Low-density asymptomatic parasitemia in southern Zambia does not lead to clinical malaria and is not associated with household transmission: results from a two-year cohort study
Jessica L. Schue, Anne C. Martin, Japhet Matoba, Caison Sing’anga, Mukuma Lubinda, Ben Katowa, Michael Musonda, Sophie Berube, Timothy Shields, Tamaki Kobayashi, Harry Hamapumbu, Edgar Simulundu, Douglas E. Norris, Amy Wesolowksi, William J. Moss

TL;DR
A study in Zambia found that low-level asymptomatic malaria infections do not lead to clinical malaria or household transmission, suggesting they may not need treatment for elimination.
Contribution
Demonstrates that asymptomatic low-density parasitemia does not contribute to clinical malaria or household transmission in low-transmission settings.
Findings
Low-density asymptomatic parasitemia was common but not linked to clinical malaria.
No evidence of household transmission from asymptomatic parasitemia beyond one month.
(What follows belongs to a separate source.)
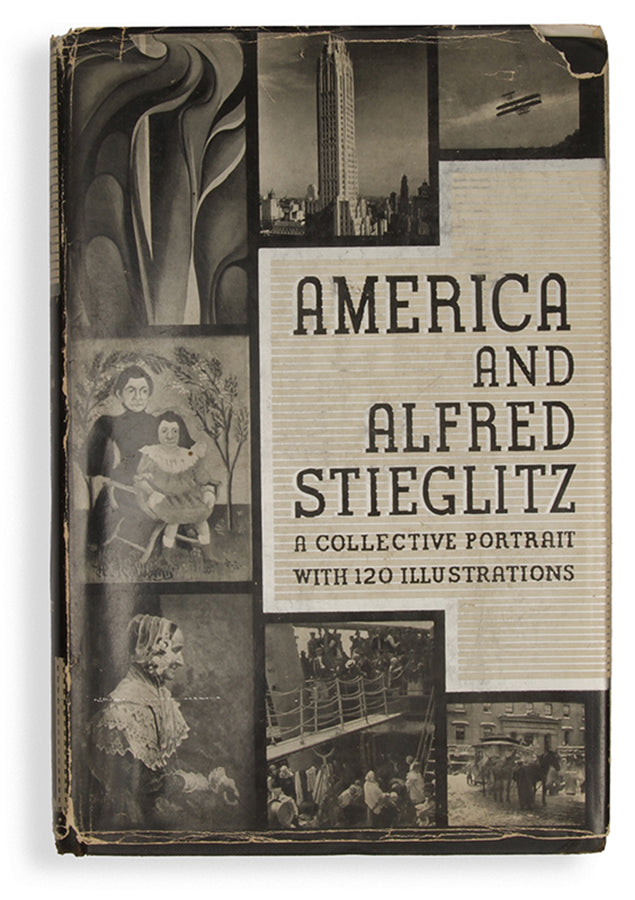 First edition, presentation copy with a lengthy inscription in black ink on the first page; 8vo (234 x 155 mm, 9¼ x 6 in); 64 pages of black & white plates; black topstain, plain endpapers, hinges cracked, black cloth-covered boards, titles in silver and design stamped to spine in blind, Stieglitz's monogram in blind to upper board, corners bumped, light wear to extremities, dust jacket illustrated with photographs and reproductions of artworks, printed in black and silver, text in black and white, chipped and worn, a very good copy; [ii], x, 339, [1]pp.
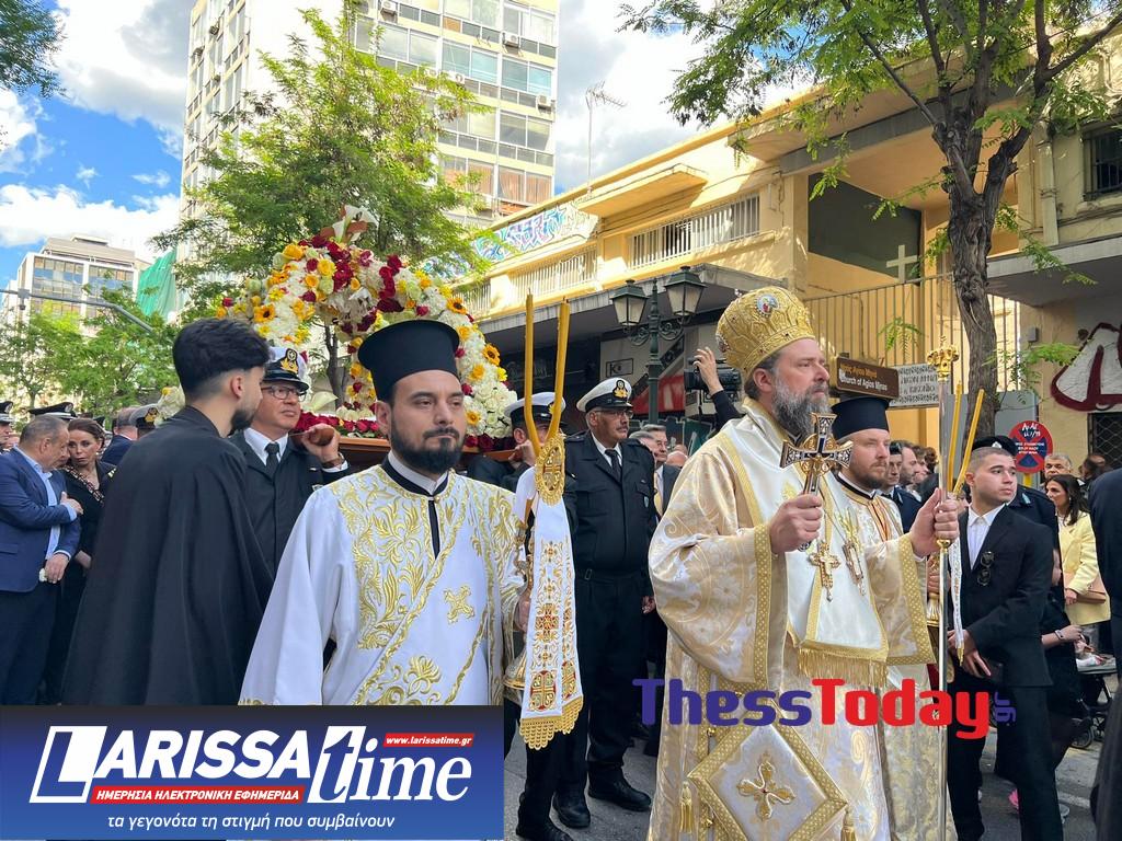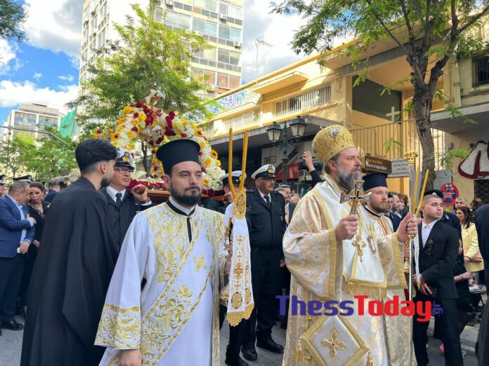 Η περιφορά ως είθισται, έγινε νωρίτερα από κάθε άλλη εκκλησία της πόλης, σύμφωνα με το ThessToday.gr, ώστε να την παρακολουθήσουν και οι εργαζόμενοι στα εμπορικά καταστήματα του κέντρου, τα οποία θα είναι σήμερα ανοιχτά μέχρι τις 19:00. Μέσα σε κλίμα θρησκευτικής ευλάβειας, χοροστατούντος του μητροπολίτη Φιλόθεου και υπό τους ήχους θρησκευτικών ψαλμωδιών από τη φιλαρμονική προσκόπων Νεαπόλεως, η πομπή ξεκίνησε την πορεία της στους κεντρικούς δρόμους της πόλης.

Parasite prevalence remained low with median density of four parasites/μL.
Abstract
In low malaria transmission settings targeting elimination, the World Health Organization recommends a combination of mass (e.g., mass test-and-treat), targeted (e.g., chemoprophylaxis or treatment for travelers), and reactive (e.g., reactive drug administration) strategies. Most of these strategies would not identify and treat individuals with asymptomatic parasitemia. This study was conducted in a pre-elimination setting in Southern Province, Zambia to examine risk factors for asymptomatic parasitemia, its epidemiologic relationship to incident clinical malaria, and evidence of its contribution to ongoing transmission to inform policy on whether these parasitemic individuals need to be identified and treated to achieve malaria elimination. An intensive longitudinal cohort study of 197 households within the catchment area of a single health center was designed to capture all clinical…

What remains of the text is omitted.